Twenty-two men, residents at sea level, 19–52 years old, were recruited for the study to travel by road (∼7 hours) from Lima (150 m) to Cerro de Pasco (4340 m, barometric pressure = 456 mmHg) for 72 hours. Exclusion criteria included lung disease, anemia, cardiovascular and/or metabolic disorders, heavy smoking, and ongoing medical treatments. Participants underwent a clinical screening examination, answered general health and Lake Louise Score (LLS) questionnaires, and hematocrit was determined from duplicate microcentrifuged blood samples obtained from a fingertip capillary blood draw. In addition, oxygen saturation as measured by pulse oximetry (SpO₂) and heart rate (HR) were measured with a pulse oximeter (Oximax N-560; Nellcor, Minneapolis, MN), and blood pressure (BP) with an oscillometric validated device (A&D UA-767Plus; A&D). Twelve hours before departure (−12 hours), the first set of measurements was taken. A small blood sample was taken for hematocrit determination, and two 3 mL blood samples were taken from the antecubital vein in ethylenediaminetetraacetic acid (EDTA)-coated tubes. One tube was used for reticulocyte count (RC), and the second was centrifuged at 3500 rpm for 10 minutes. Plasma was used for Epo, sEpoR, iron, transferrin, and ferritin determination. The estimation of plasma volume was calculated from hematocrit values obtained from venous blood samples. The following morning, after 12 hours, the final set of measurements at sea level was taken (0 hour). After traveling by road to Cerro de Pasco, and once 12 hours have passed since morning measurements at sea level, the first set was taken at altitude (12 hours). The same procedure was repeated every 12 hours until the last sample at 72 hours in Cerro de Pasco was taken. Plasma samples were stored at −20°C, transported to Lima in a liquid N₂ dry shipper, and finally stored at −80°C until analysis.

Reticulocyte count

RC was performed by standard optical microscopy using brilliant cresyl blue. In brief, 150 μL of blood and 150 μL of the dye were gently mixed in an EDTA-coated tube and incubated for 5 minutes at 37°C. Immediately after, 50 μL of the mix were extended on a microscope slide and let to dry at room temperature (Koepke and Koepke, 1986). Cell count was performed at 100 × . The number of reticulocytes per 1000 cells was divided by the number of erythrocytes observed and multiplied by 100. Results are expressed as percentage.
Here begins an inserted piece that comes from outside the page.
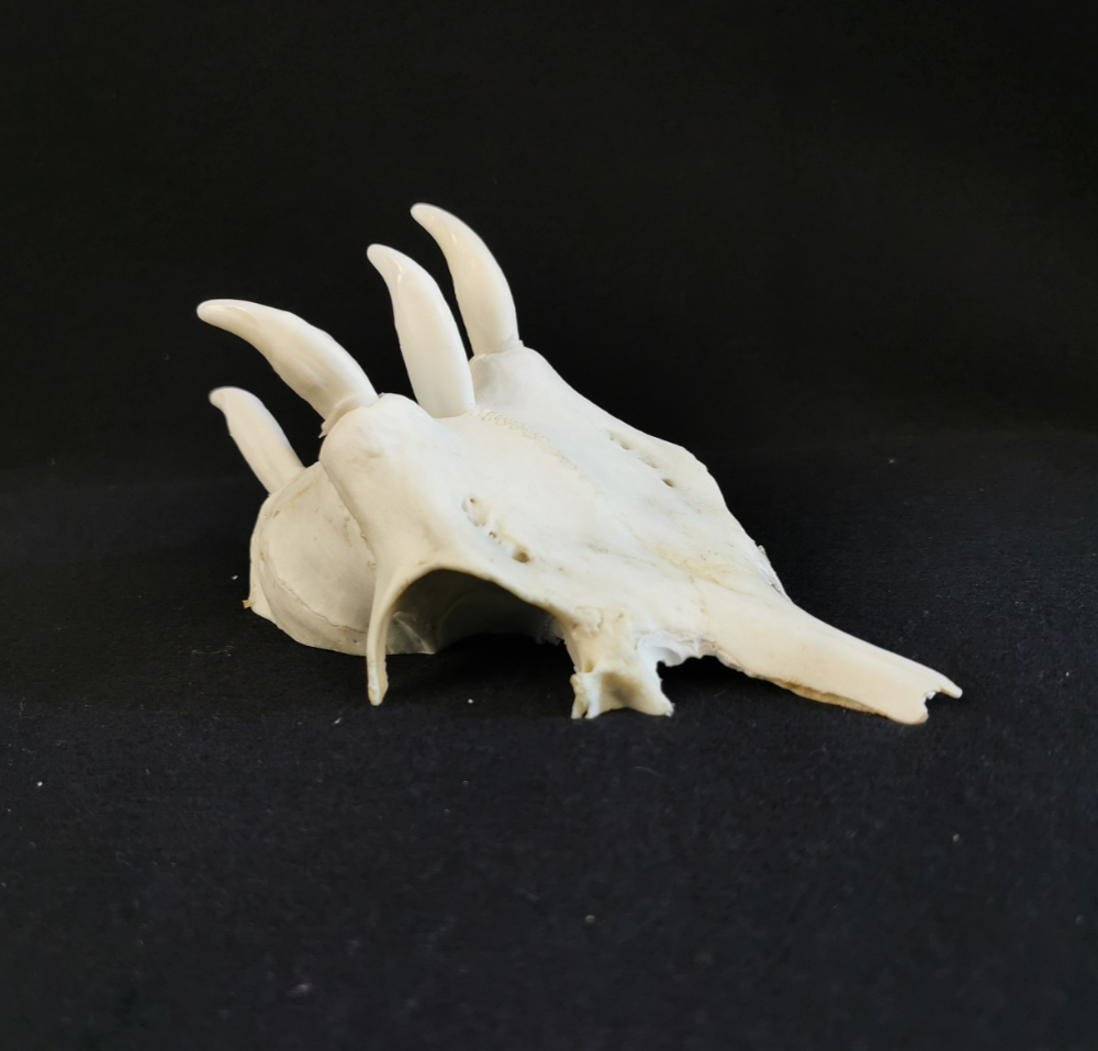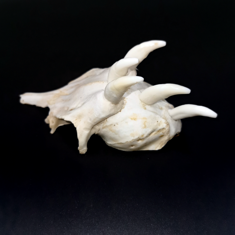 Dragonhead2 Game of dragons Skulptur aus Rehschädel und Koyotenzähnen, der Drachenkopf ist 16 cm lang, 9 cm breit und 8 cm hoch.

Plasma Epo and sEpoR determination

Total plasma Epo and sEpoR were quantified using specific sandwich enzyme-linked immunosorbent assay kits (DRG International, Inc., Springfield, NJ, and USCN Life Science, Inc., Houston, TX; respectively). The standard sample storage and analysis procedure described by the manufacturer was followed for each kit. The minimum detectable concentration of Epo and sEpoR for these assays were typically <1.1 mUI/mL and 0.57 ng/mL, respectively. Antibodies for the receptor provided in the kit were previously tested for specific recognition by immunohistochemical staining and western blot, and measured total sEpoR concentration by binding to both free and bound sEpoR. Detection of sEpoR in the assay was verified using lyophilized soluble receptor isolated from human plasma at a concentration of 0.79 ng/mL as a positive control provided by the manufacturer. The Epo-to-sEpoR ratio (Epo/sEpoR) was calculated for each time point.

Statistical analysis

Normality of distribution and homogeneity of variance of variables was assessed before any further comparison to choose an adequate statistical analysis test. Multiple comparisons were performed using repeated-measures one-way analysis of variance test when data met parametric requirements, or Friedman test if otherwise. Tukey's or Dunn's tests were used for multiple post hoc comparisons, respectively. GraphPad software version 6 was used for statistical analysis (GraphPad Software, La Jolla, CA).

Results

Characteristics of participants and baseline physiological measurements are summarized in Table 1. Figure 1 shows the time-course of changes in SpO₂, LLS, HR, systolic blood pressure (SBP), and diastolic blood pressure (DBP) during the stay at high altitude. Changes in physiological variables observed on the first measurement at high altitude (12 hours) are the result of an ascending ∼7 hours road trip and not of continued exposure to 4340 m.

FIG. 1.

Time-course of general physiological parameters in healthy lowlanders (n = 20) during high-altitude (4340 m) hypoxic exposure. SpO₂ (A), LLS (B), HR (C), SBP (D), and DBP (E). Each time point was compared with its baseline value at sea level (0 hour). Values are expressed as mean ± SE. *p < 0.05, **p < 0.01, and ***p < 0.001. DBP, diastolic blood pressure; HR, heart rate; LLS, Lake Louise score; SBP, systolic blood pressure; SE, standard error; SpO₂, oxygen saturation as measured by pulse oximetry.

Table 1.

Characteristics of Study Participants

Age, years	32.7 ± 1.9
Weight, kg	71.3 ± 2.8
Height, m	1.7 ± 0.1
BMI, kg/m²	26 ± 0.8
Hct, %	43.6 ± 0.5
SpO₂, %	98.7 ± 0.2
HR, bpm	72.5 ± 2.3
SBP, mmHg	113.7 ± 1.9
DBP, mmHg	72.6 ± 2.2

Values are expressed as mean ± SE.

BMI, body mass index; DBP, diastolic blood pressure; Hct, hematocrit; HR, heart rate; SBP, systolic blood pressure; SpO₂, oxygen saturation as measured by pulse oximetry.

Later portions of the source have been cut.